Perjalan Kiai Ali dalam menuntut ilmu tidak selasai di situ saja. Dengan kegigihannya, pada tahun 1976 beliau mendapatkan beasiswa untuk melanjutkan pendidikannya tingkat S1 di Fakultas Syariah Universitas Islam Muhammad bin Saud, Riyadh, Saudi Arabia hingga tahun 1980. Setelah mendapatkan gelar Licence, Kiai Ali melanjutkan pendidikan jenjang Majister dengan mengambil bidang Hadis di Universitas yang sama hingga selesai pada tahun 1985. Sedangkan gelar doktor, beliau peroleh dari Universitas Nizamia, Hyderabad, India pada tahun 2008 dengan judul risalah “Kriteria Halal dan Haram untuk Pangan, Obat dan Kosmetika menurut al-Quran dan Hadis”.
Dalam kehidupan sehari-hari, Kiai Ali sangat dekat dengan Hadis-Hadis Rasulullah. Banyak alasan kenapa beliau lebih memilih gaya hidup yang seperti ini. Setidaknya ada dua alasan utama yang memotifasi Kiai Ali untuk senantiasa belajar dan bergelut dengan Hadis. Pertama bisa mempelajari kehidupan Rasulullah Saw, seolah-olah melihat Nabi Saw. dan kedua ialah bisa banyak berselawat kepada Rasulullah Saw.

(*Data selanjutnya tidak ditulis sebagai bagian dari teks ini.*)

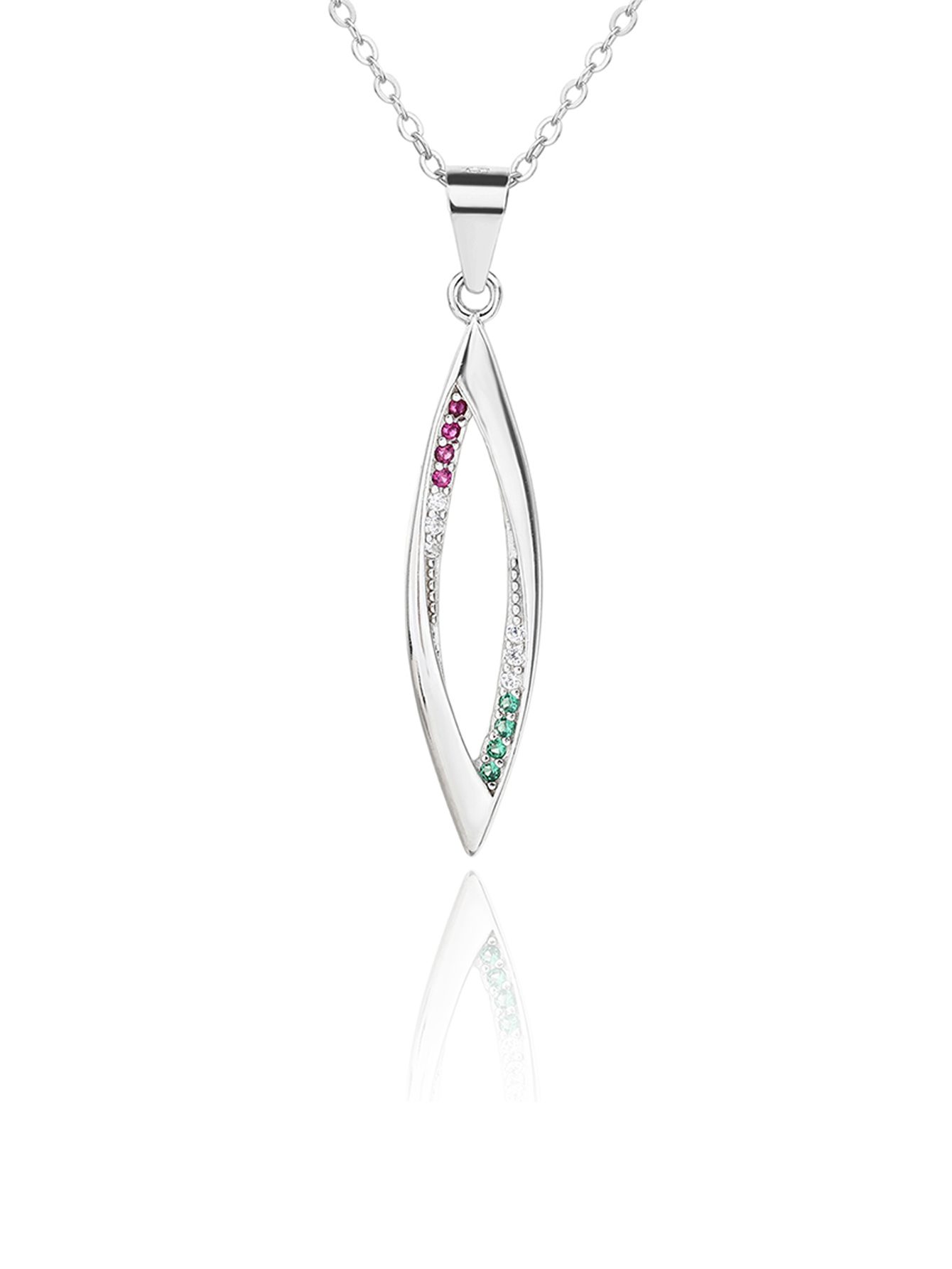 A belső íven végigfutó piros, fehér és zöld cirkónia kövek finoman követik a forma vonalát. Nem uralják a designt, hanem belesimulnak – ahogyan a hovatartozás érzése is természetes része az embernek.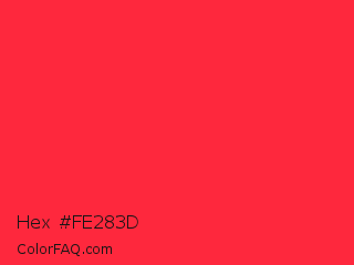 Hex #fe283d Color is a normal red color and the nearest color is Imperial Red #ed2939. Hex code #fe283d and RGB value is rgb(254,40,61). In RGB color space, this color is composed of 100% red, 16% green, 24% blue, In CMYK color space, this color is composed of 0% cyan, 84% magenta, 76% yellow , 0% black , In HSL color space, this color has a hue angle of 354° , 99% saturation and 58% lightness.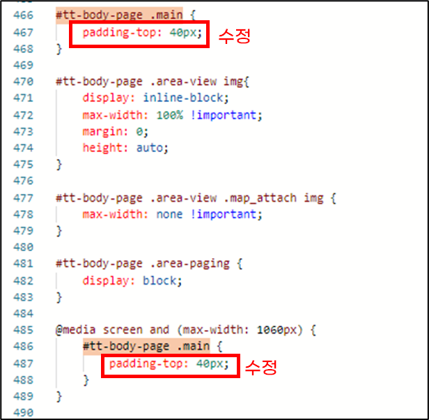 "#tt-body-page .main"필드 값을 40px로 수정합니다.

Kecintaan Kiai Ali dalam menggeluti Hadis-Hadis Rasululllah tidak selesai di masa perkuliahan saja. Dengan berbagai cara, seperti menulis, mengajar dan mendakwahkan Hadis-Hadis Rasulullah pun beliau lakukan. Bahkan dalam beberapa permasalahan, beliau banyak mendapatkan kritikan lantaran kegigihan beliau untuk mempertahankan Hadis-Hadis Rasulullah Saw dari pemahaman yang tidak benar menurut beliau. Oleh karnanya, sekitar tahun 2014 Kiai Ali menulis sebuah kitab yang khusus membahas cara memahami Hadis dengan benar. Awalnya, karya beliau ini ditulis dengan menggunakan bahasa Arab yang berjudul Al- Thuruq al-Shahihah fi fahmi as-Sunnah an-Nabawiyah, setelah itu diterjemahkan ke dalam bahasa Indonesia dengan judul “ Cara-cara benar dalam memahami Sunnah Nabi”.

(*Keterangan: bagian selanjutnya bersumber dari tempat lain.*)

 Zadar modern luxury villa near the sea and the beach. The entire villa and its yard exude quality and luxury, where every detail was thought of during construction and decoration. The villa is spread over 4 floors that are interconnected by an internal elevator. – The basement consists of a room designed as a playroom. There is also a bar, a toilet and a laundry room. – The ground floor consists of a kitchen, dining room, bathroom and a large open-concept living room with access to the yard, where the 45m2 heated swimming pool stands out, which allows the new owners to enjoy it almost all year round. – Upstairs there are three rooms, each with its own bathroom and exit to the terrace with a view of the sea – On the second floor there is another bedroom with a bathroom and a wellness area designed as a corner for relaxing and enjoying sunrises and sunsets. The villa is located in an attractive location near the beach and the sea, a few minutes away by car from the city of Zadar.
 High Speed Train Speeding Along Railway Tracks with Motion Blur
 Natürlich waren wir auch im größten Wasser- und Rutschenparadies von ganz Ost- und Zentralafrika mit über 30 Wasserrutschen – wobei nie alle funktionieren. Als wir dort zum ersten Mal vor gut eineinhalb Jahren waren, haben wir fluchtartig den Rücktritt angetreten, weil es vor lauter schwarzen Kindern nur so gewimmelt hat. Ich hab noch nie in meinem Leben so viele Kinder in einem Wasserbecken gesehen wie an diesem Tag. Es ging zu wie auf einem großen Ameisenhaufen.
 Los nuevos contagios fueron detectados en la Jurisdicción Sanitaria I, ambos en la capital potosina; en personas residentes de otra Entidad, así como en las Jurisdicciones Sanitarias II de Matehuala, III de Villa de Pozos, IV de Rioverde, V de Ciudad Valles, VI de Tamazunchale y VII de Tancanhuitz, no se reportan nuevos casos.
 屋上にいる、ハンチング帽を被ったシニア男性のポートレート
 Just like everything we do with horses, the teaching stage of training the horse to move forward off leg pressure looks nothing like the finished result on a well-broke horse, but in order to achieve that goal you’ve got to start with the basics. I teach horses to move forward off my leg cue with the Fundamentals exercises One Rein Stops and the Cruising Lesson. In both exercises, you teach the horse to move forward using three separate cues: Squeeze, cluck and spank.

Dalam buku ini, Kiai Ali berusaha menjelaskan bagaimana memahami Hadis Rasulullah dengan cara yang benar. Pasti, karya ini sangat membantu dalam mempertahankan Hadis-Hadis Rasulullah dari pemahaman- pemahaman yang keliru.

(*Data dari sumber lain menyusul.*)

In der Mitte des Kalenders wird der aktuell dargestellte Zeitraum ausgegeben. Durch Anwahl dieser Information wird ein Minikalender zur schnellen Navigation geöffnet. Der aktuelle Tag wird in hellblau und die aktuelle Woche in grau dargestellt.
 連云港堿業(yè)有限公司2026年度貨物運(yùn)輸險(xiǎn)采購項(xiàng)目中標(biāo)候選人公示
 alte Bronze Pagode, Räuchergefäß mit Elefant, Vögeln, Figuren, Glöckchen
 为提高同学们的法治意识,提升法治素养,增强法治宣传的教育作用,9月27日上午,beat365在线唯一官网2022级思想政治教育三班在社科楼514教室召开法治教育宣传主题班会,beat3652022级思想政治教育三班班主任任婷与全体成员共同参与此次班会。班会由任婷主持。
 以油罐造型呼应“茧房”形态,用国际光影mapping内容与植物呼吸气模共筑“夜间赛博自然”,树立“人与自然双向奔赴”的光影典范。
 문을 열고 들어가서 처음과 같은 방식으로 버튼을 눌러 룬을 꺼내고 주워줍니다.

Singkatnya, Kiai Ali menegaskan bahwa dalam memahami Hadis Rasulullah tidak cukup dengan modal kemampauan ilmu tata bahasa Arab saja, seperti ilmu Nahu, dan Sharaf. Setidaknya, ada 7 permasalahan yang mesti dipahami dalam mengkaji Hadis, sehingga tidak keliru dalam memahami Hadis tersebut. Pertama adalah Majaz yang terdapat dalam Hadis. Kedua, Takwil dalam Hadis. Ketiga, Ilat yang terdapat dalam Hadis. Keempat, Geografi dalam Hadis. Kelima, Tradis Arab yang terdapat dalam Hadis. Keenam, kondisi sosial. Ketujuh, sebab datangnya Hadis. Nah, dengan modal tujuh pengetahuan yang tertera tersebut, maka diharapkan pemahaman yang benar dalam memahami Hadis akan didapatkan.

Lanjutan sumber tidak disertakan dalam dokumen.